How do you solve Remove Element on LeetCode?

Remove Element (LeetCode #27) can be solved using Brute Force or Optimal Solution (Two Pointers). The optimal approach is Optimal Solution (Two Pointers) with O(n) time complexity and O(1) space complexity. Key insight: Using the two pointers technique allows us to efficiently modify the array in-place without needing extra space.

What is the brute force solution for Remove Element?

The brute force approach for Remove Element is Brute Force, with O(n²) time complexity and O(1) space complexity. The brute force approach involves creating a new array and copying over all elements that are not equal to the specified value.
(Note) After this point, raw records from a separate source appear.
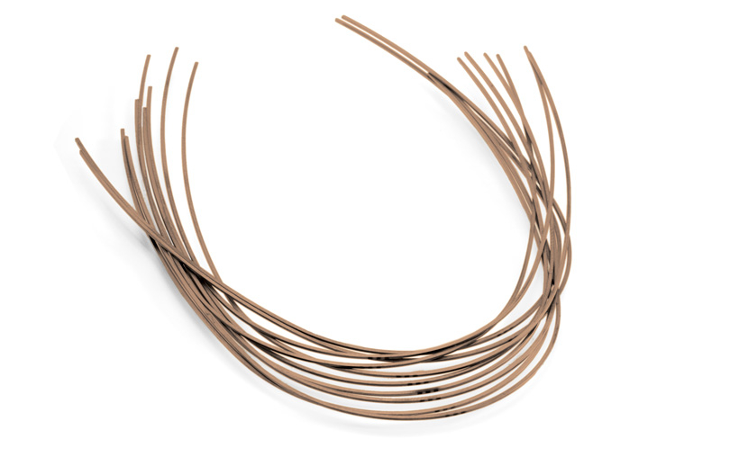 Costruiti in una particolare lega di nichel-titanio, possono essere piegati e modellati con una pinza a temperatura ambiente, ma raggiungono la massima modellabilità raffreddandoli sotto i 20°C. Una volta posizionati nel cavo orale, alla temperatura di 37°C tornano ad assumere la loro forma originaria sollecitando quindi i denti con delle forze leggere e costanti. Sono ideali per l’inserimento negli slot non allineati.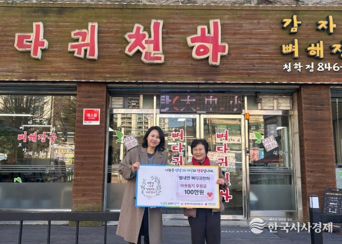 한국시사경제 경기북부취재본부 | 남양주시는 지난 18일 별내면 소재 ‘뼈다귀천하’가 지역 내 취약계층 지원을 위해 후원금 100만 원을 별내면 지역사회보장협의체에 기탁했다고 밝혔다.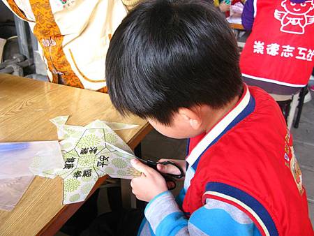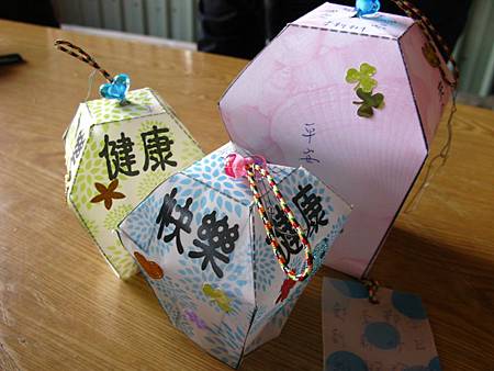 翔翰 各自製作屬於自己的小天燈,心爸心媽 則是趁著空檔輪流製造大天燈,逐步完成祈福天燈製作。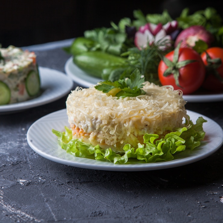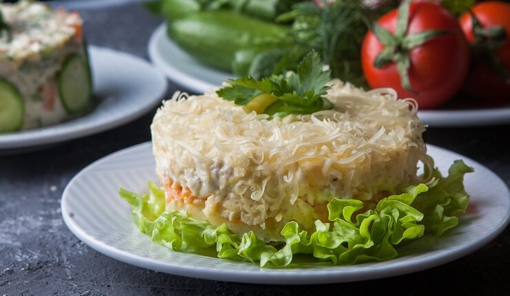 Последним слоем должен быть сыр. Это добавит дополнительный вкус и текстуру салату. Если вы хотите добавить еще один слой вкуса, можно полить салат соусом или заправкой перед подачей на стол.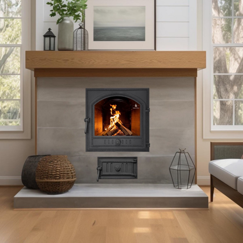 Чавунні дверцята для каміна Iron Fire Cameron — це якісне рішення для камінів, печей і барбекю. Модель оснащена вогнетривким склом Robax (4 мм), витримує до 800 °C і має регулятор тяги. Завдяки герметичності та високій теплоємності чавунні дверцята підвищують ефективність печі до 50% і забезпечують економію палива. У комплект також входить піддувальна дверка Style 35, що забезпечує зручне регулювання подачі повітря для підтримання ефективного горіння. Розмір моделі 480х475 мм та розміри для монтажу 400х400 мм, розмір піддувальної 315х180 мм, розмір для монтажу 260х115 мм. | ![]() |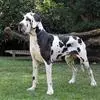 大丹犬原产于德国,历史上曾用做猎犬、护卫犬、斗犬、使役犬等,因其性格温顺、外貌优美,现今的发展方向主要是家庭用犬。该品种外貌高大、优美,体高与体长相当。公犬体高在76cm以上,母犬体高在71cm以上,…全部>>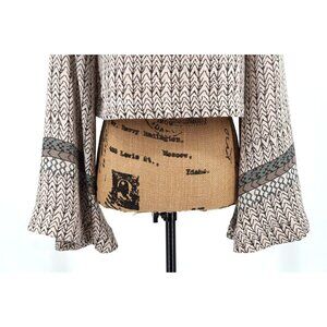 Free People Cropped Top Women Extra Small XS Bell Sleeve Ivory Black Boho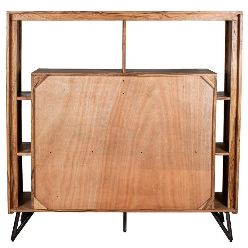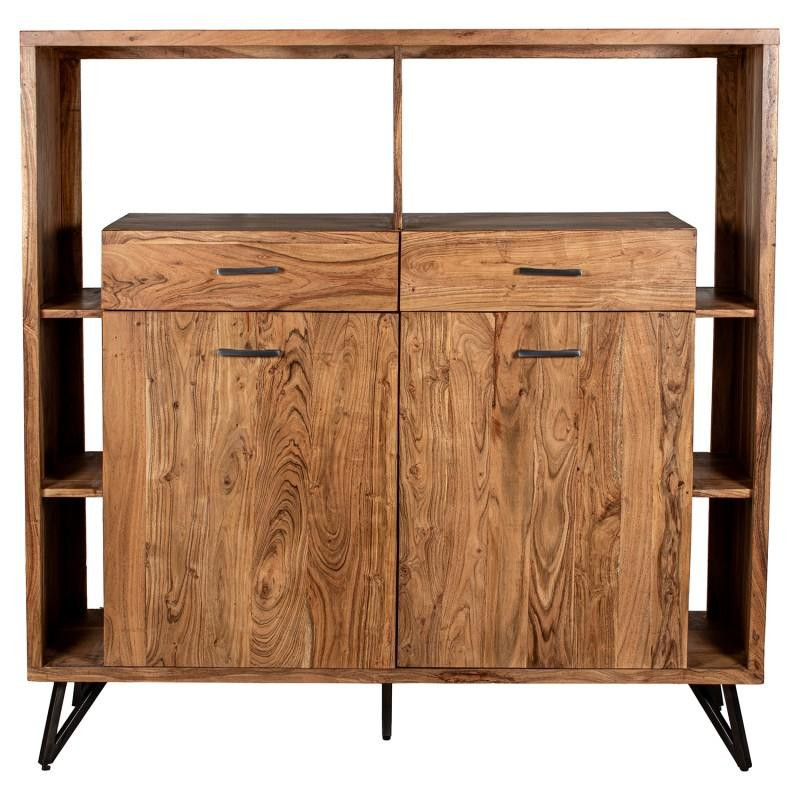 Mesa de entrada con 2 cajones y 2 puertas de madera y patas de metal en natural y negro 150x145x40 cm

This is straightforward but inefficient as it requires extra space and multiple passes through the array. The optimal Optimal Solution (Two Pointers) approach improves this to O(n).

What algorithm or data structure is used to solve Remove Element?

Remove Element uses the following concepts: Array, Two Pointers. The recommended patterns to study are: Hash Map, Array, Two Pointers.

What are the interview tips for Remove Element?

When you first see this problem, clarify that you understand it requires in-place modification and that the order of elements can change. Communicate your approach clearly, mentioning that you plan to use the two pointers technique to track valid elements. Be sure to mention edge cases, such as when the array is empty or when all elements are equal to val.

What are common mistakes when solving Remove Element?

Students often try to create a new array instead of modifying the original array in-place, leading to unnecessary space usage. Another common mistake is not properly managing the index of the valid elements, which can lead to incorrect counts.

#27

Remove Element

Easy

ArrayTwo PointersHash MapArrayTwo Pointers

LeetCode ↗

Approaches

Brute ForceOptimal

Complexity Comparison

	Brute Force	Optimal Solution (Two Pointers)★
Time	O(n²)	O(n)
Space	O(1)	O(1)

💡

Intuition

Time O(n)Space O(1)

The optimal approach uses the two pointers technique to efficiently remove elements in-place. One pointer traverses the array while the other keeps track of the position to place the next valid element.

⚙️

Algorithm

4 steps

1Step 1: Initialize a pointer 'k' to 0, which will track the position of the next valid element.
2Step 2: Iterate through the array with another pointer 'i'.
3Step 3: If nums[i] is not equal to val, assign nums[k] = nums[i] and increment k.
4Step 4: After the loop, k will be the count of elements not equal to val.

solution.py9 lines

1# Full working Python code with comments
2
3def removeElement(nums, val):
4    k = 0  # Pointer for the next valid position
5    for i in range(len(nums)):
6        if nums[i] != val:
7            nums[k] = nums[i]  # Place valid element at position k
8            k += 1  # Increment k
9    return k  # Return the count of valid elements

ℹ

Complexity note: The time complexity is O(n) because we make a single pass through the array, and the space complexity is O(1) since we are modifying the array in place without using additional storage.

1Using the two pointers technique allows us to efficiently modify the array in-place without needing extra space.
2Understanding that we can overwrite elements in the original array rather than removing them can simplify the problem.

Solutions and explanations are original Tejav content. Problem titles © LeetCode — use the LeetCode button above for the full problem statement.